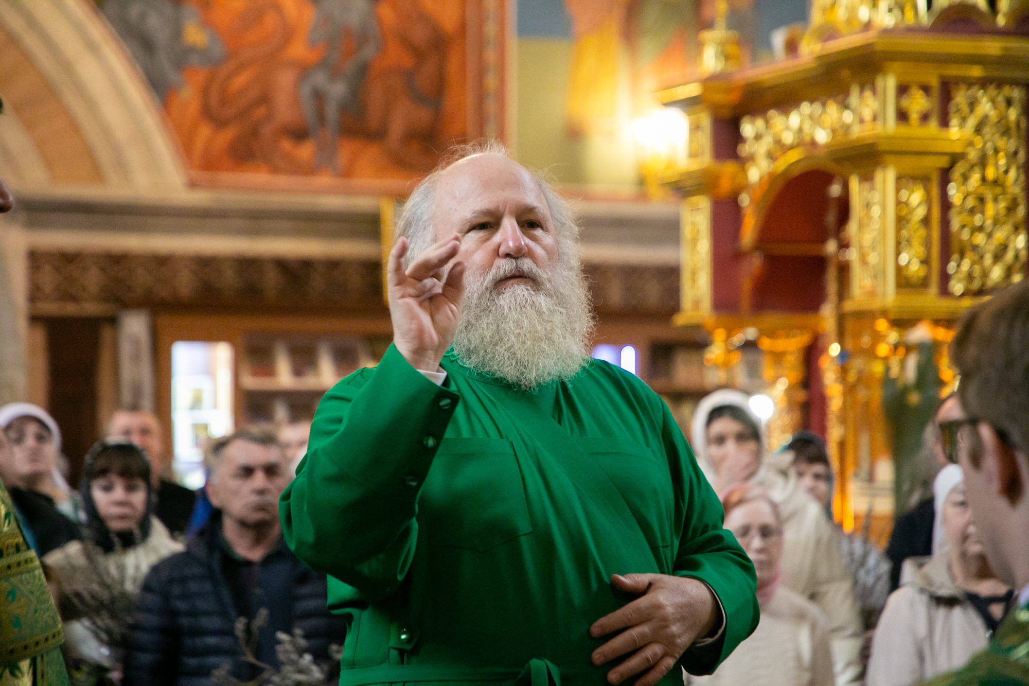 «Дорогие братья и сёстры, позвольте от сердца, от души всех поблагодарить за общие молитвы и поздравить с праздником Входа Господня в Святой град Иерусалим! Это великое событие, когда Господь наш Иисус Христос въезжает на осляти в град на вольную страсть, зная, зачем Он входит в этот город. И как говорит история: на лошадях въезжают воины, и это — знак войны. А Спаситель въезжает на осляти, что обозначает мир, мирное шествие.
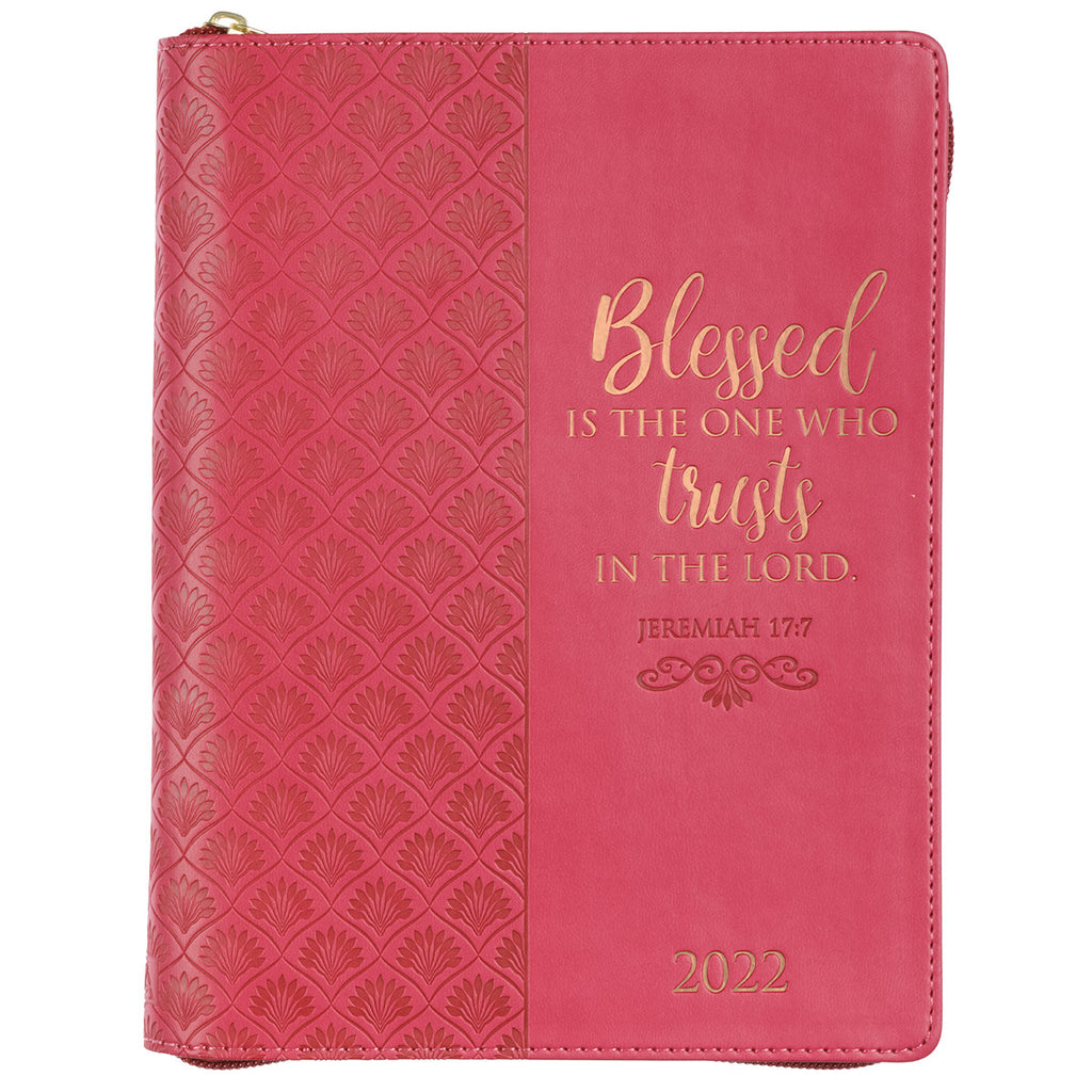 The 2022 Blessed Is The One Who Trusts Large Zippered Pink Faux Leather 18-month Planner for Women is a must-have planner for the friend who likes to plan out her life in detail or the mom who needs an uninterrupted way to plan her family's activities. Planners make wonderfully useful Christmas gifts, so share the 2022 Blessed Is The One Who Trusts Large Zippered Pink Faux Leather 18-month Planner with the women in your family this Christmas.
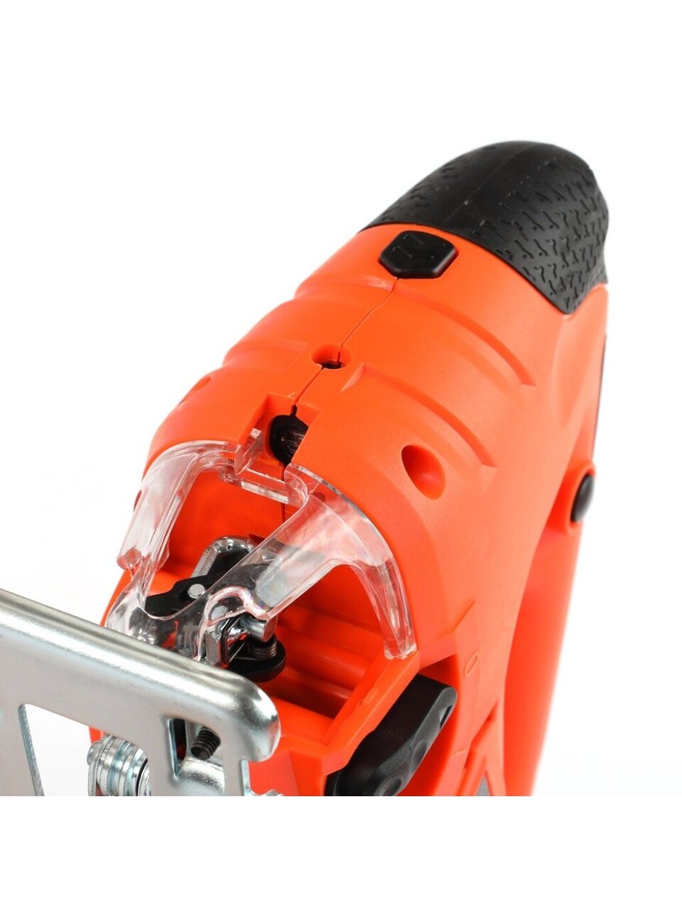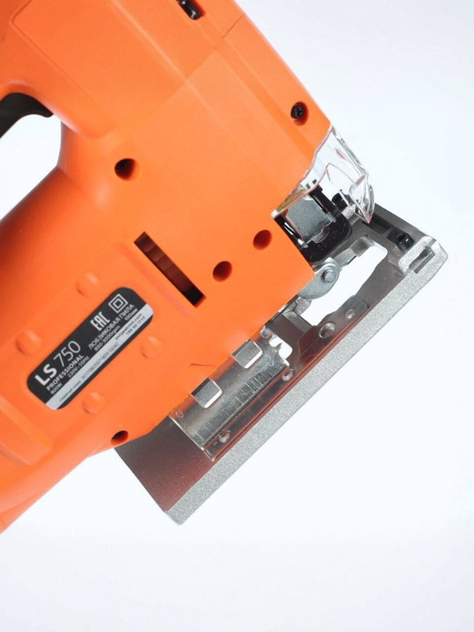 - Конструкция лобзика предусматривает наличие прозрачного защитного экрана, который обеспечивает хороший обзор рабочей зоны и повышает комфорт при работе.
________________________
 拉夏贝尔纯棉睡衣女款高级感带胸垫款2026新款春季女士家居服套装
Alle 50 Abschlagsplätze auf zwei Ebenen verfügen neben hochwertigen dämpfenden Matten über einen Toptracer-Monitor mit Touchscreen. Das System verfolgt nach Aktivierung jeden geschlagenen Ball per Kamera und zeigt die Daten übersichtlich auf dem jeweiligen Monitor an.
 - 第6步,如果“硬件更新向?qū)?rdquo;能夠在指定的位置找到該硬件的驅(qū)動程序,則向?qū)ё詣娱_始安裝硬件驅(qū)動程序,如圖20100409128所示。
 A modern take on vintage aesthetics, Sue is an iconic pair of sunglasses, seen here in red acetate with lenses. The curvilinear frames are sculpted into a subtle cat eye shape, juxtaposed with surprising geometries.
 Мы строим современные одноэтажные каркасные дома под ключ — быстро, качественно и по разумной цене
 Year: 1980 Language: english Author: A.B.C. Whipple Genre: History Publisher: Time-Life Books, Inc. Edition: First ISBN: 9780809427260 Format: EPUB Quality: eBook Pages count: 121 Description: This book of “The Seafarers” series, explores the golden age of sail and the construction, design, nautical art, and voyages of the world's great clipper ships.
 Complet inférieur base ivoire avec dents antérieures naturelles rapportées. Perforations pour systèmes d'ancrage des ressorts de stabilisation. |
________________________
- _Task details_:
In the listing above, find the line containing "family this Christmas." and the line containing "- Конструкция лобзика", then return both of them and every line between, exactly, without pictures.

- _Answer_:
 The 2022 Blessed Is The One Who Trusts Large Zippered Pink Faux Leather 18-month Planner for Women is a must-have planner for the friend who likes to plan out her life in detail or the mom who needs an uninterrupted way to plan her family's activities. Planners make wonderfully useful Christmas gifts, so share the 2022 Blessed Is The One Who Trusts Large Zippered Pink Faux Leather 18-month Planner with the women in your family this Christmas.
 - Конструкция лобзика предусматривает наличие прозрачного защитного экрана, который обеспечивает хороший обзор рабочей зоны и повышает комфорт при работе.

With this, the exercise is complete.